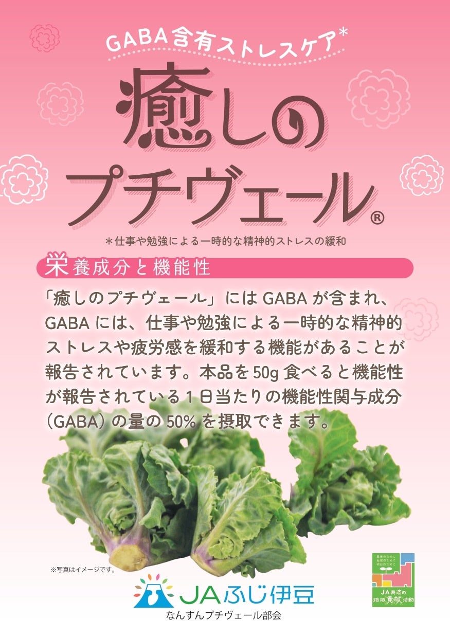 「癒しのプチヴェール」にはGABAが含まれ、GABAには仕事や勉強による一時的な精神的ストレスや疲労感を緩和する機能があることが報告されています。
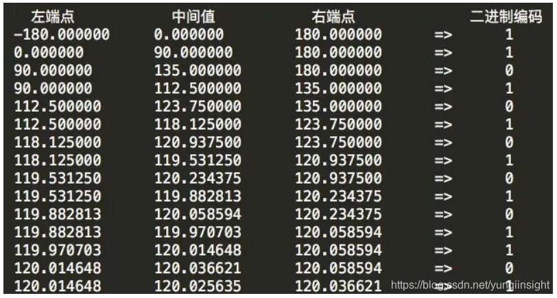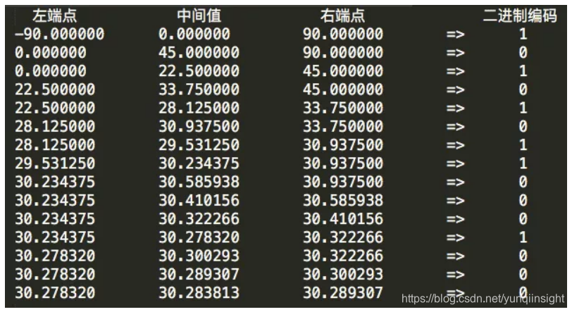 按照上面的流程,继续往下迭代,直到编码位数达到我们业务对精度的需求为止。完整的15位二进制编码迭代表格如下:
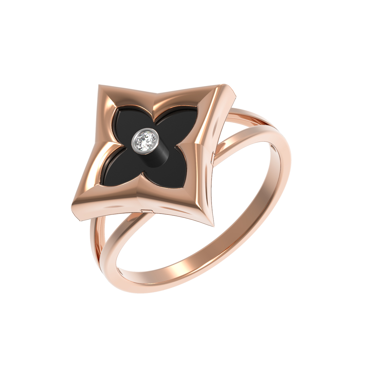 Кольцо из золота c бриллиантами и ониксом
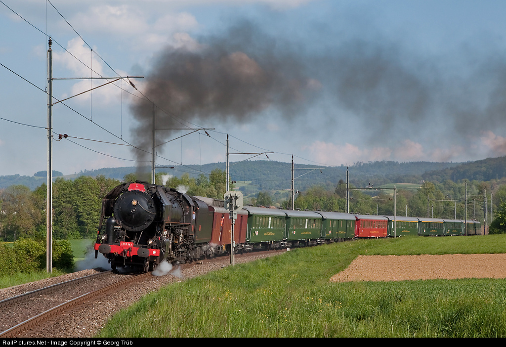 | Baldwin built "Mikado" 141 R 568 (former French Railways SNCF) with the "Swiss Classic Train" made two round trips from Winterthur through eastern part of Switzerland on may 1th. Locomotive and cars are owned by "William Cook Rail" of Andrew Cook from the UK. The train is tackling the 1.2 % grade from Stein am Rhein up to Etzwilen with full speed. |
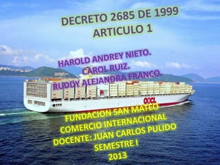 Este documento define términos clave relacionados con el comercio internacional y la aduana. Define más de 30 términos como abandono legal, abandono voluntario, aduana de partida, aduana de paso, agente de carga internacional, almacenamiento, aprehensión, autoridad aduanera, declaración de mercancías, despacho, documento de transporte, exportación, inspección aduanera, importación, y manifiesto de carga, entre otros. El propósito es proporcionar claridad sobre estos conceptos para
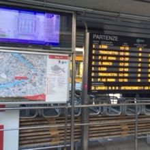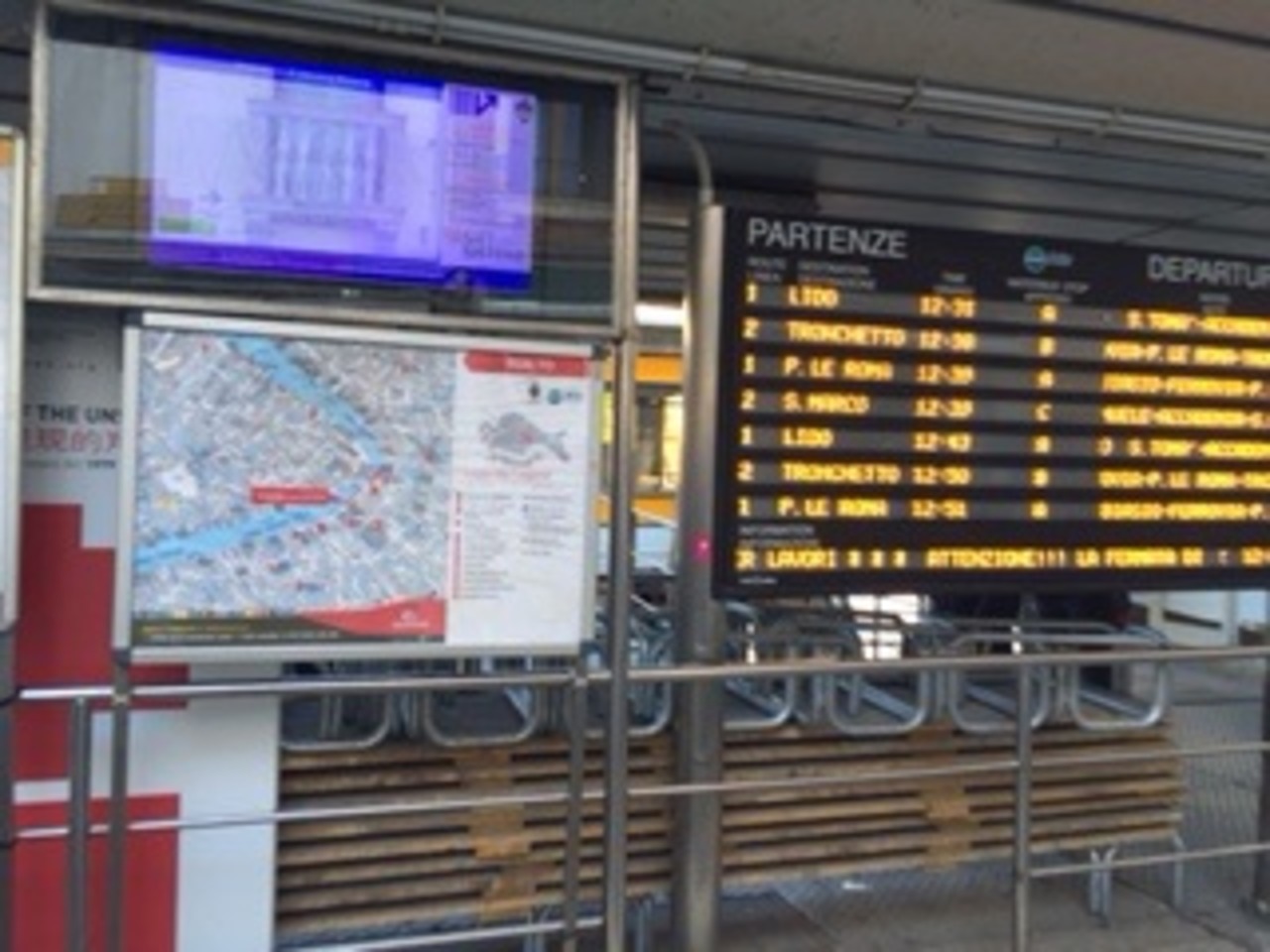 リアルト橋近くのヴァポレット乗り場「リアルト」の掲示板です。行き先ごとの出発時刻と到着時刻の電光掲示板があり、少し驚きました。イタリアでしかも船にそれほど正確さが求められているのかとも感じますが、考えてみれば、バスと同じなのだと納得しました。

WHAT TO DO >> All of the records above should be written out exactly, with the pictures left out.

RESULT >>
 「癒しのプチヴェール」にはGABAが含まれ、GABAには仕事や勉強による一時的な精神的ストレスや疲労感を緩和する機能があることが報告されています。
 按照上面的流程,继续往下迭代,直到编码位数达到我们业务对精度的需求为止。完整的15位二进制编码迭代表格如下:
 Кольцо из золота c бриллиантами и ониксом
 | Baldwin built "Mikado" 141 R 568 (former French Railways SNCF) with the "Swiss Classic Train" made two round trips from Winterthur through eastern part of Switzerland on may 1th. Locomotive and cars are owned by "William Cook Rail" of Andrew Cook from the UK. The train is tackling the 1.2 % grade from Stein am Rhein up to Etzwilen with full speed. |
 Este documento define términos clave relacionados con el comercio internacional y la aduana. Define más de 30 términos como abandono legal, abandono voluntario, aduana de partida, aduana de paso, agente de carga internacional, almacenamiento, aprehensión, autoridad aduanera, declaración de mercancías, despacho, documento de transporte, exportación, inspección aduanera, importación, y manifiesto de carga, entre otros. El propósito es proporcionar claridad sobre estos conceptos para
 リアルト橋近くのヴァポレット乗り場「リアルト」の掲示板です。行き先ごとの出発時刻と到着時刻の電光掲示板があり、少し驚きました。イタリアでしかも船にそれほど正確さが求められているのかとも感じますが、考えてみれば、バスと同じなのだと納得しました。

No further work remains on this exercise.